BACK PACK SAFETY
There has been a 330% increase in backpack injuries among children
since 1996.
STUDY: Backpack Use Directly Associated with Back Pain in
Adolescents Spine 2003;28(9):922-930
Compliments of Backpack Safety America
Objective: Investigate relationship between baackpack use and back
pain in adolescents.
Summary: Prevalence of nonspecific back pain increases dramatically
during adolescence.
Methods: 1126 children, ages 12-18 complete questionnaire about
their health, activities, and backpack use. Each child’s body
weight, height, and backpack weight were measured.
Children classified as having back pain if one or more of the following
were reported durnig the preceding month:
1. Neck or back pain that had interefered with school or leisure.
2. Neck or back pain with a severity rating of 2 or more on a scale
of 0 to 10.
3. Visited a healthcare professional for neck or back pain.
4. Exemption from physical education or sports because of neck or
back pain.
Results:
1. Of 1122 backpack users, 835 (74.4%) classified as having back
pain.
2. Females 2 times more likely to have back pain.
3. Back pain more likely in students reporting poorer general health.
4. Adolescents with back pain carried significantly heavier backpacks.
Conclusion:
Use of backpacks during school day and backpack weights independently
associated with back pain.
Now that kids -even little ones- tote backpacks everywhere,
backpack-related aches and pains are on the rise. The overloaded
packs can strain young muscles, especially when kids sling them
over one shoulder in an unbalanced fashion. Here are a few tips
to keep your child walking tall while carrying their stuff in style.
1. Don’t overload the backpack. Your child
should carry no more weight in their backpack than the weight they
can carry comfortably in their arms for a few minutes. To be sure
your child isn’t carrying more than they can safely bear,
notice their posture. Backpack wearers should walk normally, with
their shoulders down and back and their stomach muscles tightened.

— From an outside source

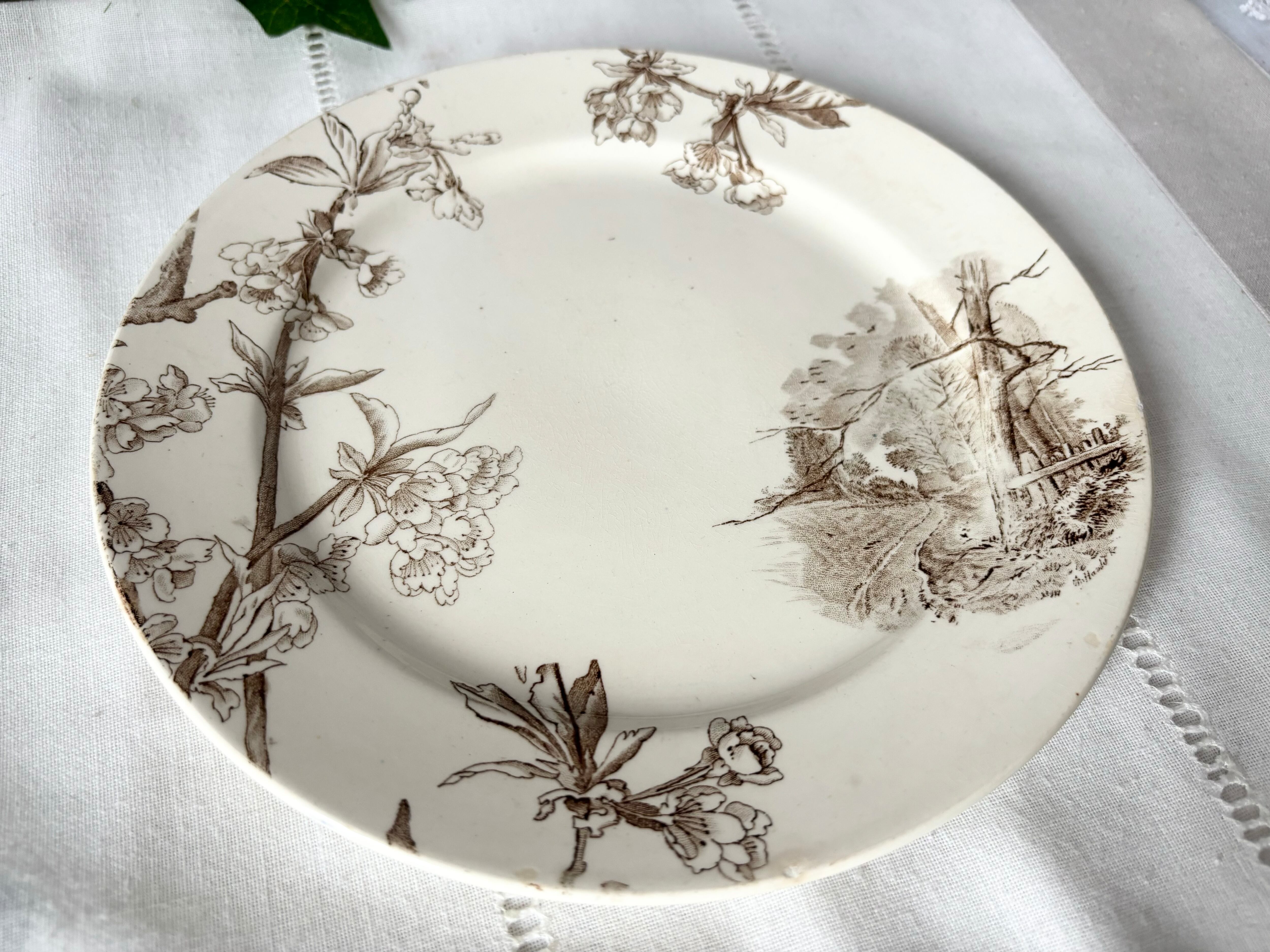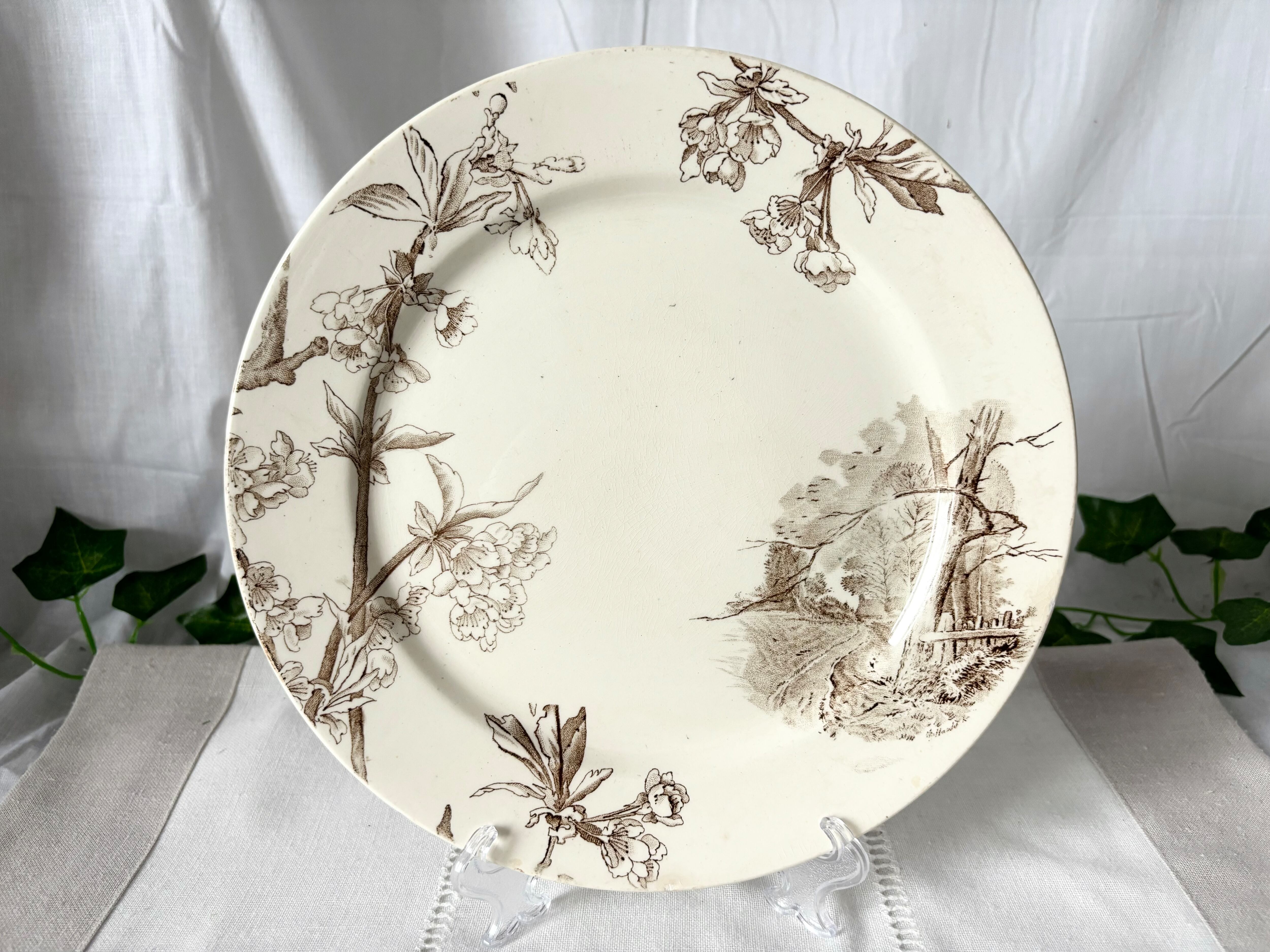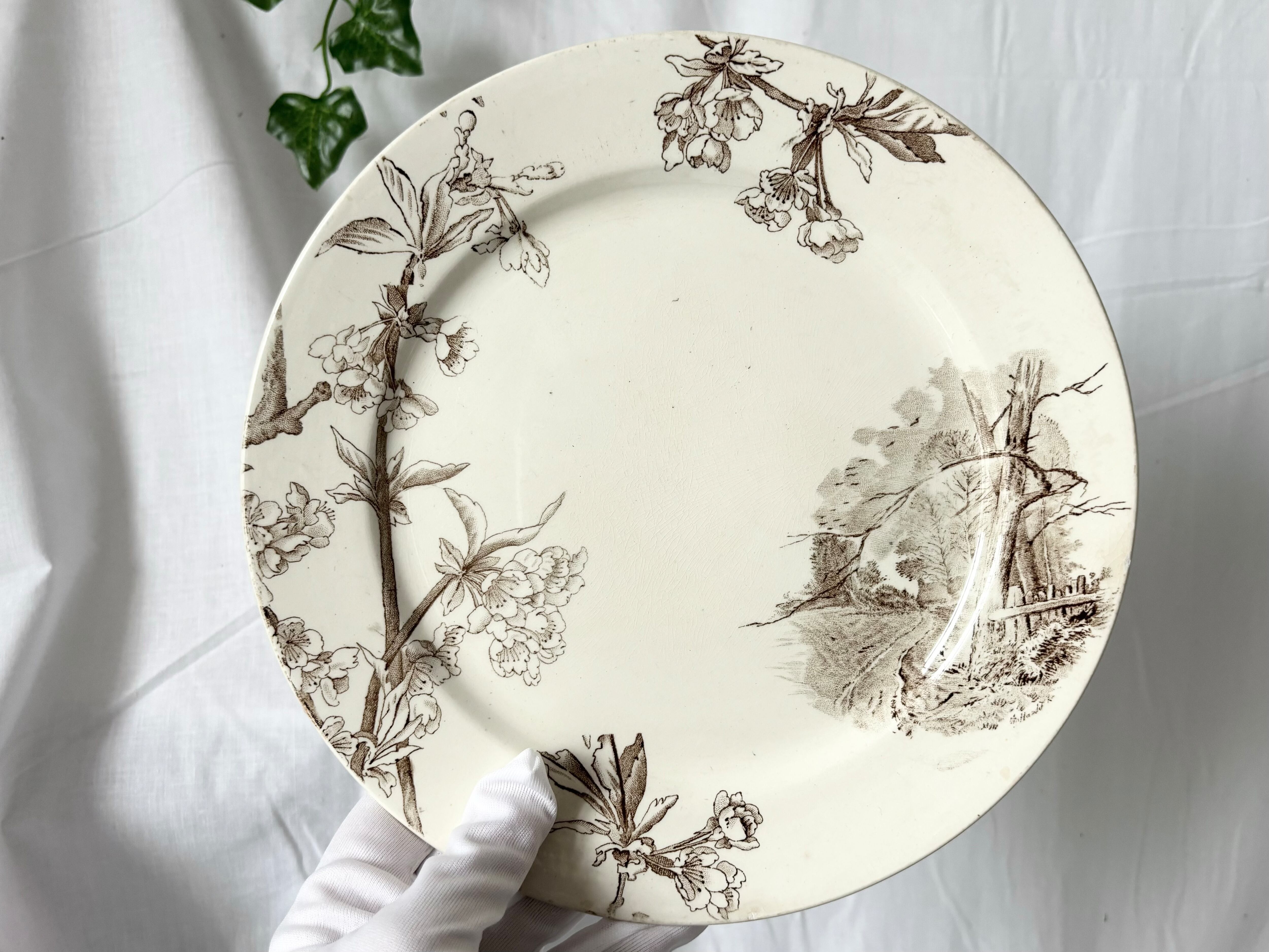 19世紀末のフランス、Creil et MontereauのCERISIER(桜)シリーズより、ブラウンのディナープレートをご紹介いたします。

2. Be sure the backpack is the right size. It
should not be wider or longer than your child’s torso. (The
torso extends from the bony bump at the base of the neck down to
the top of the hips.)
3. Make sure she wears the pack properly. The
backpack should be evenly centered in the middle of your child’s
back. You should also make sure the straps are snug but not excessively
tight. Straps that are too tight can cause the pack to ride up on
the child’s neck.
4. Keep the safety belt buckled. The best and
safest backpacks have belts at their base that can be buckled snugly
around the child’s waist. The waist belt helps distribute
the weight to the lower body so the hips and legs bear some of the
load. Insist your child uses it.
5. Check the contents of the bag. Anything that
could poke through the pack’s material, such as scissors,
should be stored in a protective container. Make sure your child’s
emergency contact information is inside.
6. Pack right! The maximum weight of the loaded
backpack should not exceed 15% of your child’s body weight.
Be sure to pack only what is needed. Load the heaviest items closest
to your back. Doing this distributes the weight between your back
and hips. It will help avoid the unsightly hunchback look.
7. Consider alternatives to standard backpacks.
Attention jocks and tiny people! If you’re heavily into sports
or extracurricular activities that require a ton of equipment, you
should consider one of those cool bags with wheels. No offense to
the more petite children out there, but they are super helpful for
adolescents who are smaller than average. If your child still wants
to use a backpack, try finding a backpack with multiple compartments
so weight can be more evenly distributed. If the child has a locker
available, make sure they are using it! Make locker stops to unload
the books or equipment that is not being used.